While relational databases have great advantages, they require a lot of work to get all of your information into neatly organized files.  What’s more the method for getting things into and out of them – SQL is a quirky and not very friendly language.  What’s more relational databases have trouble clustering, and scaling horizontally.  NOSql database have made some headway in these departments, but at costs to consistency and reliability of data.

As servers continue to get larger, it becomes rarer that a single web-facing database really needs more than one single server.  If it’s tuned right, that is.  Going forward and looking to the future, the landscape will probably continue to be populated by a mix of traditional relational databases, new nosql type databases, key-value stores, and other new technologies yet to be dreamed up.

Sean Hull asks on Quora – What is an rdbms and why are they important?

Big Data – What is it and why is it important?

There’s lots of debate about exactly what constitutes “big” when talking about big data.  Technical folks may be inclined to want a specific number.

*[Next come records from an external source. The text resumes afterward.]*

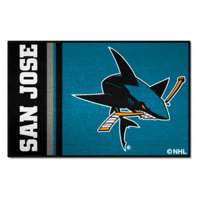 | San Jose Sharks Starter Mat Accent Rug - 19in. x 30in., Uniform Design 9 Ounce, 100 % Nylon Face Recycled vinyl backing for a durable and longer-lasting product Machine made and tufted in the USA Non-skid backing with serged borders for added durability Machine washable; vacuum regularly and spot clean for any easy and quick clean Officially licensed and chromojet-printed in true team colors for vibrant, lasting color NHL - San Jose Sharks in California NHL National Hockey League |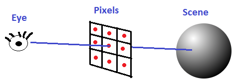 The ray is going to start at the camera location (you could think of this as the eye location), and it’s going to shoot at pixels on an imaginary rectangle in front of the camera, go through those pixels, and go out into the scene to see what they hit.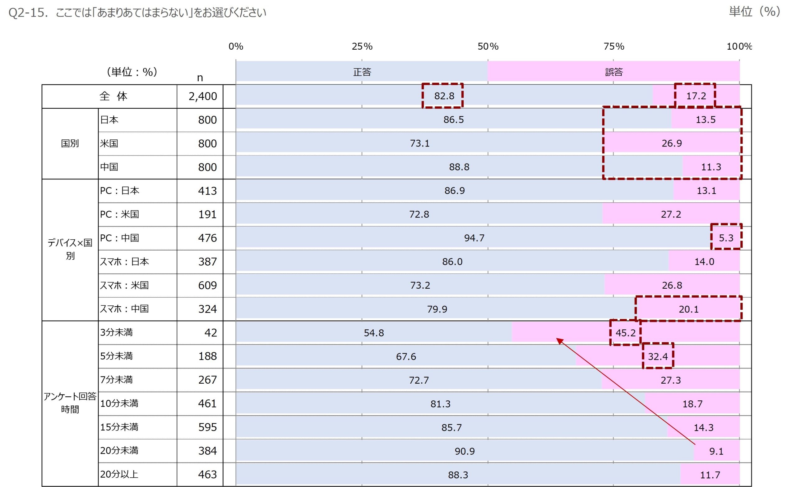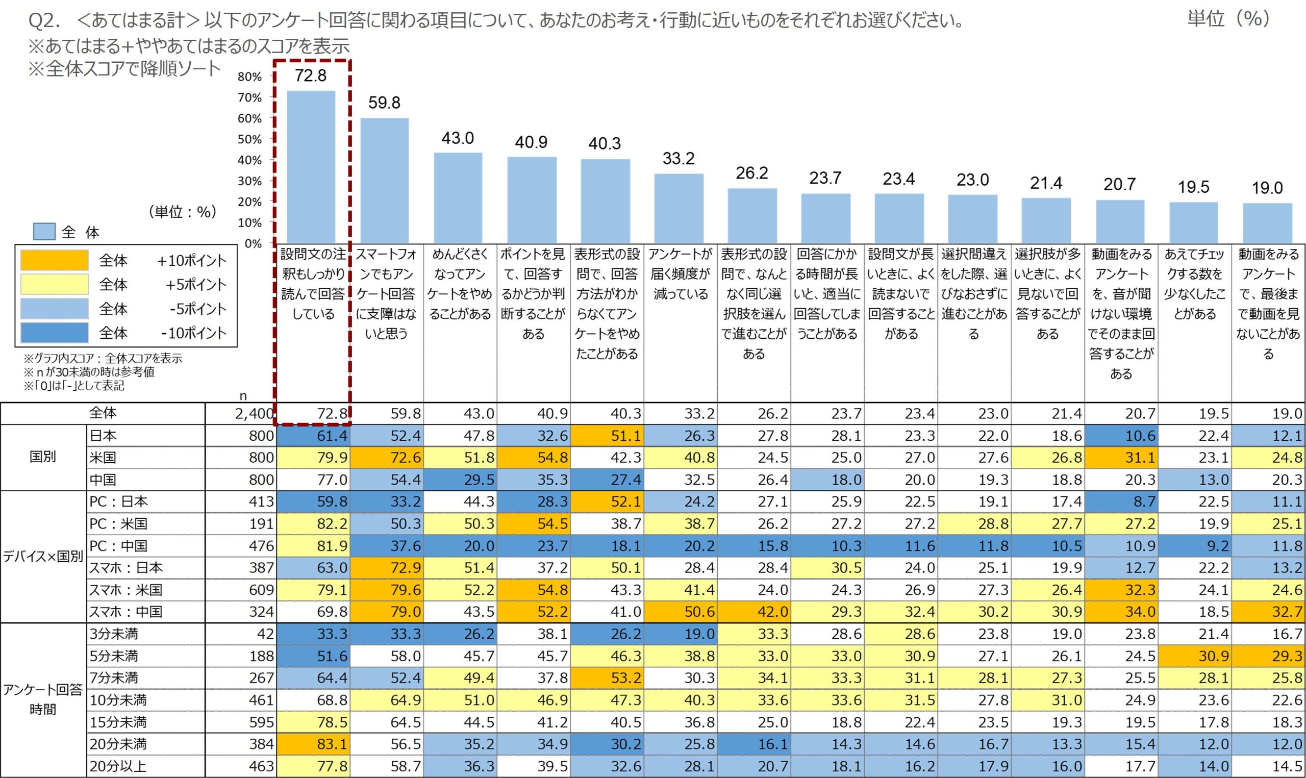 ここで注目していただきたいのは、左のほうで赤い点線で囲っている「設問文の注釈もしっかり読んで回答している」の72.8%という数値です。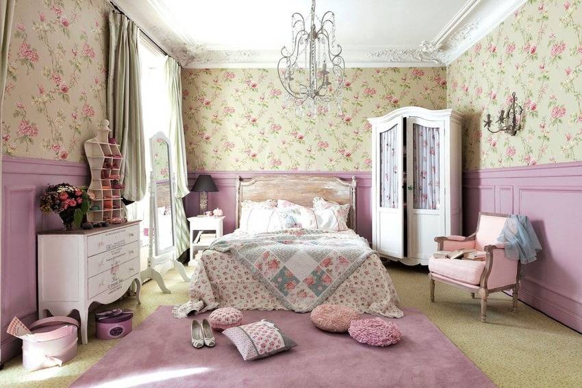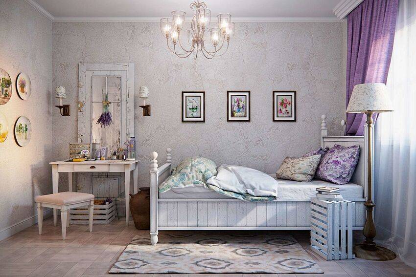 Что выбрать для отделки стен: штукатурку, покраску или обои для спальни в стиле прованс с фото
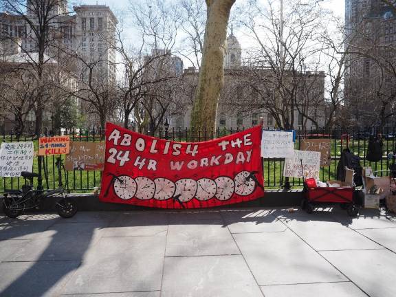 Councilmember Marte was in the crowd. Though he hadn’t heard from Speaker Adams, he said, he knew she was aware of the hunger strike. He urged her to support the bill. “If we are the most progressive city council, then this should be a given that no one should be working 24 hours, right? It’s not even a conservative issue, it’s not a progressive issue — it’s a moral issue. And if you can make the most vulnerable population do this, then you can allow anyone to work 24 hours,” he said.

But when most CTOs and operations managers are talking about big data, they mean data warehouse and analytics databases.  Data warehouses are unique in that they are tuned to run large reporting queries and churn through large multi-million row tables.  Here you load up on indexes to support those reports, because the data is not constantly changing as in a web-facing transaction oriented database.

More and more databases such as MySQL which were originally built as web-facing databases are being used to support big data analytics.  MySQL does have some advanced features to support large databases such as partitioned tables, but many operations still cannot be done *online* such as table alters, and index creation.  In these cases configuring MySQL in a master-master active/passive cluster provides higher availability.  Perform blocking operations on the inactive side of the cluster, and then switch the active node.

We’ve worked with MySQL databases as large as 750G in size and single user tables as large as 40 million records without problems.  Table size, however has to be taken into consideration for many operations and queries.  But as long as your tables are indexed to fit the query, and you minimize table scans especially on joins, your MySQL database server will happily support these huge datasets.

Sean Hull discusses on Quora – What is Big Data and why is it important?